Studio album by Sandy Denny
- Released: June 1974 (UK / US)
- Recorded: May and August 1973
- Studio: Sound Techniques (London); A&M (Los Angeles);
- Genre: Folk rock
- Length: 42:55
- Label: Island ILPS 9258 (UK) / SW 9340 (US)
- Producer: Trevor Lucas, John Wood

Sandy Denny chronology
| Sandy (1972) | Like an Old Fashioned Waltz (1974) | Rendezvous (1977) |

Singles from Like an Old Fashioned Waltz
- "Whispering Grass / Friends" Released: Island WIP 6176 (1973); "Like an Old Fashioned Waltz / John the Gun (release cancelled)" Released: Island WIP 6195 (1974);

= Like an Old Fashioned Waltz =

Like an Old Fashioned Waltz is the third solo album by English folk rock singer Sandy Denny, released in June 1974.

Although Denny originally hoped to tour in support of the album, difficulties with Island Records delayed its release from autumn 1973 to June 1974, by which time she had rejoined Fairport Convention.

==Background==
The 1972 album Sandy failed to cross over to mass market success, a fact which greatly disappointed Denny; she had recently decided that she desired to be received as a notable music act among the ranks of Led Zeppelin or The Who, two bands with which Denny had performed as a guest vocalist. Denny decided that in order to establish her solo career, a record appealing to a new audience was required.

==Composition==
The songs on Like an Old Fashioned Waltz saw Denny refining her songwriting craft, on a nostalgic panoramic song-cycle detailing many of her personal preoccupations: loss, loneliness, fear of the dark, the passing of time and the changing seasons.

Like an Old Fashioned Waltz features covers of two jazz songs remembered from her father's record collection: The Inkspots' "Whispering Grass" and Fats Waller's "Until The Real Thing Comes Along". Around this time, it was rumored that Denny was considering recording an album solely consisting of jazz standards (or possibly an entire cover album of songs written by The Inkspots), but the record never materialized.

==Production==

===Recording===
Work began on the album whilst Denny was still promoting her previous LP Sandy. The first track recorded was "No End" at Walthamstow Assembly Hall on 3 December 1972 in a solo version accompanying herself on the piano (later abandoned in favour of a new recording with a band and strings). Denny embarked on a month-long tour of the US in April 1973, stopping at A&M Records' studios to record four songs; "Friends”, “Solo”, “At the End of the Day" and the new version of "No End" prior to a week-long residency at The Troubador in Los Angeles.
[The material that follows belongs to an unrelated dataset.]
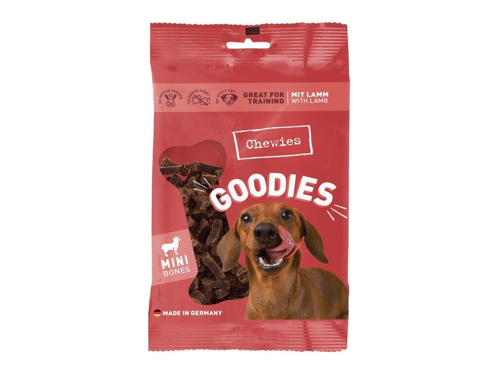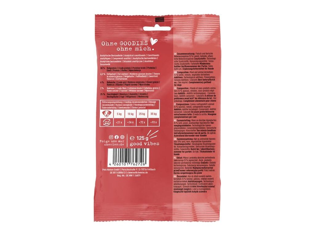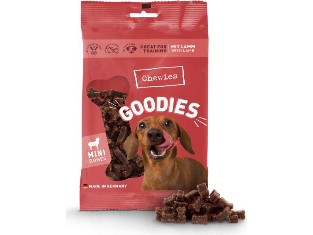 Poloměkké kostičky pro psy, ideální pro výcvik nebo jako chutná malá odměna. Tyto pamlsky byly vyvinuty ve spolupráci se psími školami a cvičiteli. Velikost kostičky je cca 1 cm a jsou proto vhodné i pro ta nejmenší plemena psů. Kostičky neobsahují cukr. Složení: maso a živočišné vedlejší produkty (jehněčí 5 %), obiloviny, vedlejší rostlinné produkty Analýza: hrubé bílkoviny 30 %, hrubé oleje a tuky 6,5 %, hrubá vláknina 2 %, hrubé popeloviny 6 %, vlhkost 25 % Doplňkové látky: konzervační látky, barviva Chewies jsou vyrobené v Německu. Podávejte jako odměnu. Zajistěte dostatek pitné vody. Určeno pro psy.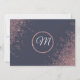Glamourösa, chic och eleganta falska tryckta gnistrande roséguldglitter på marinblå, Spara-datum bröllopskort. Denna klassiska och sofistikerade design är perfekt för det trendiga och stiliga brudparet. Personifiera med ditt eget meddelande på framsidan samt en anpassad monogram-initial på baksidan. Allt fototryck design.

After a tour of Europe throughout June and July, sessions for the album resumed at Sound Techniques in London in August where the remaining tracks were recorded; "Carnival, Like an Old Fashioned Waltz, Dark the Night" and the two jazz standards "Whispering Grass" and "Until the Real Thing Comes Along". Harry Robinson added string arrangements to many of the tracks.
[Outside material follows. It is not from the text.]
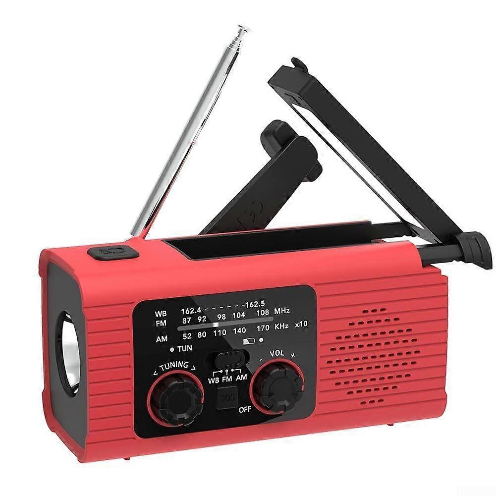 Solar Hand Crank Emergency Weather Radio 4000mAh AM FM LED Flashlight SOS Alarm Waterproof Red
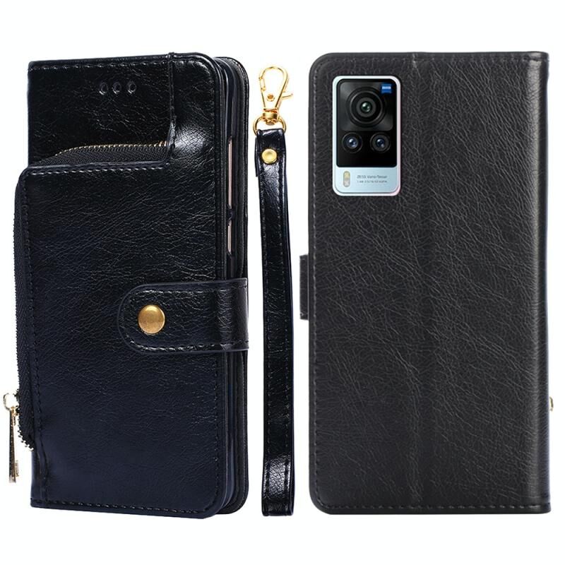 Για vivo X60 Pro φερμουάρ τσάντα PU + TPU οριζόντια Flip δερμάτινη θήκη με θήκη & υποδοχή κάρτας & πορτοφόλι & κορδόνι (Μαύρο)

In addition to singing, Denny played acoustic guitar, piano and electric piano on "Like an Old Fashioned Waltz". Denny's Fairport Convention bandmate Richard Thompson performed lead guitar on "Solo" and "At The End of the Day".

===Album cover===
The album was originally issued in an embossed gatefold sleeve styled in the colours described in the album's title track (primrose, yellow and velvet green) and designed to look like an antique plate, with a floral motif drawn by Denny herself. The cover photograph by Gered Mankowitz depicts Denny in an old style image in the Edwardian style. The album's lyrics were reproduced in the gatefold.

A single of "Whispering Grass / Friends" was released in a sepia picture sleeve in the style of the album cover.

==Release==

===Reception and reviews===

The album did not chart in the UK or elsewhere. In a contemporary review for The Village Voice, music critic Robert Christgau gave Like an Old Fashioned Waltz a "C+" and said that, apart from the "masterpiece" in "Solo", it is a "sluggish album".
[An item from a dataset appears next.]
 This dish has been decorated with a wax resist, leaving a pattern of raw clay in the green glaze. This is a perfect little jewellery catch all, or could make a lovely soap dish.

In a retrospective review, AllMusic's Brett Hartenbach gave the album three-and-a-half out of five stars, saying "Denny expands on the more polished moments that her previous work, Sandy, had suggested. The tone throughout most of the record is melancholy and personal, with gentle piano, rich strings, and barely a trace of her British folk roots." Hartenbach went on to call the album's opening track, "Solo", one of Denny's "best songs."

Professional ratings
Review scores
| Source | Rating |
| Christgau's Record Guide | C+ |
| Encyclopedia of Popular Music | Star |

===Live band and abandoned tour===
Several weeks after Like an Old Fashioned Waltz had been recorded, Sandy Denny married longtime boyfriend and bandmate Trevor Lucas on 20 September 1973 at Fulham Register Office. Shortly afterward, she put together a band comprising Pat Donaldson, Hughie Burns and Willie Murray, with intent to do an extensive tour in support of the album. The group recorded a session for BBC Radio on 14 November 1973 and also played a brief four-date tour around that time.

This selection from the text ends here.